The Maldives reopened its tourist resorts Wednesday and welcomed its first international flight in more than three months even as the Indian Ocean holiday hotspot records a steady rise in coronavirus infections.
Tourism is a major earner for the Maldives, a tropical island paradise popular with honeymooners and celebrities.
As the Qatar Airways flight from Doha carrying 104 passengers landed at the international airport in the capital Male it was sprayed with a water cannon in a special salute.
"The stronger our safety measures, the better chance we have of being hailed as a (coronavirus) safe destination," Economic Minister Fayyaz Ismail said as he welcomed the arrivals.
"I don't believe that we would need to reimpose a border lockdown."
Visitors are not required to be tested or carry virus-free certificates to enter the archipelago of 1,190 tiny coral islets.
Free tests will be offered to travellers who show symptoms of fever or coughing, the tourism ministry said.
They will also be offered a free test when they leave the Maldives.
Thirty-three out of 159 resorts in the archipelago said they would open from Wednesday, but some of them have yet to accept bookings.
So far, Qatar Airways, SriLankan Airlines, Emirates and Etihad have scheduled flights to the Maldives in July, the airport's operator said in a statement.
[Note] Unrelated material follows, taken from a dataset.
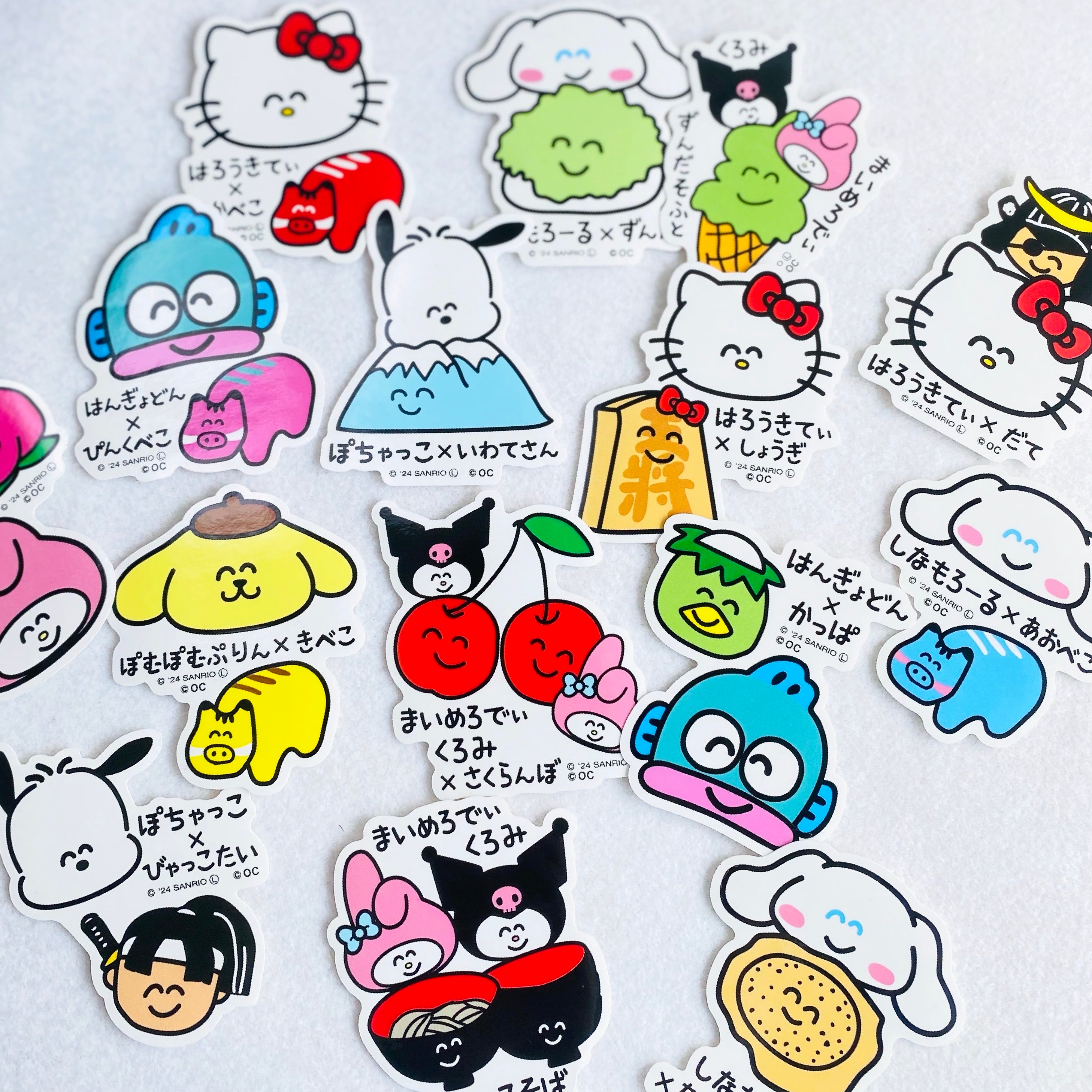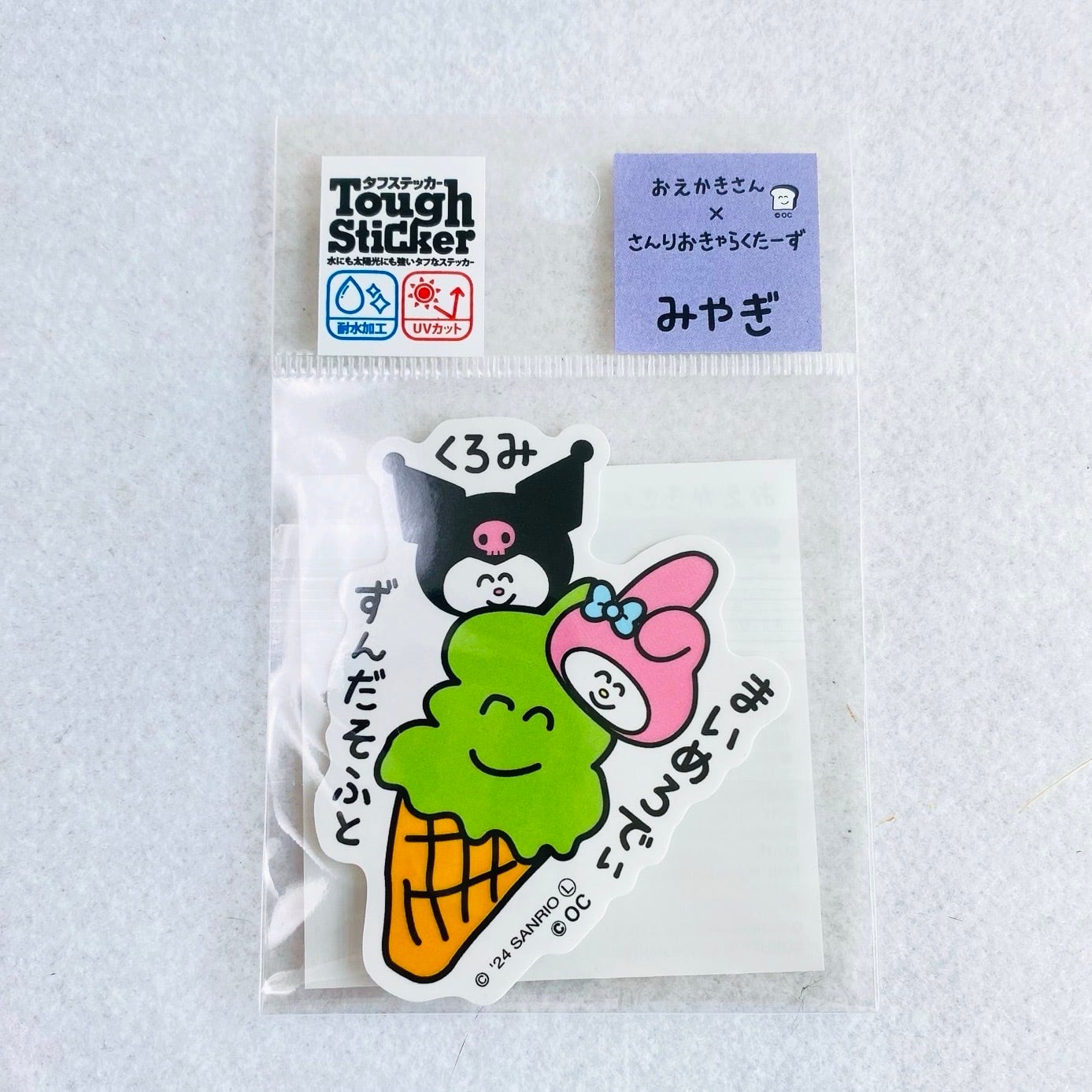 サンリオ×おえかきさん宮城、まいめろくろみ×ずんだそふとのタフステッカーでございます。

From Wednesday, SriLankan will operate three weekly services from Colombo, while Qatar Airways will operate a daily flight from Doha.
Emirates has scheduled flights from Dubai five times a week from Thursday until the end of August. Etihad is offering flights from Abu Dhabi bi-weekly from Saturday until July 28.
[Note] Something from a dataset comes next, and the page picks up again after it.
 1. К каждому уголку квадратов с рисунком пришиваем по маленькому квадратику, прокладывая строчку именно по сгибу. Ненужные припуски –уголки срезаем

Several other airlines said they would resume flights from August, including Singapore Airlines and its regional wing SilkAir, Gulf Air, India's IndiGo and Hong Kong Airlines.
Edelweiss is planning to operate direct flights between Zurich and Male from late September, while Turkish Airlines is expected to resume flights from Istanbul via Colombo from October.
The reopening comes as the country reports a steady rise in virus cases.
The nation of 340,000 people has recorded just over 2,800 infections so far including 14 deaths.
Most of the cases have been among poor migrant labourers and locals in densely populated Male.
Tourists were stranded in the Maldives when international flights were halted from late March to combat the spread of the virus.
Most of them left by mid-April on government-organised or privately chartered flights.
The Maldives attracted a record 1.7 million foreign tourists last year, a 15 percent increase from 2018, according to the government.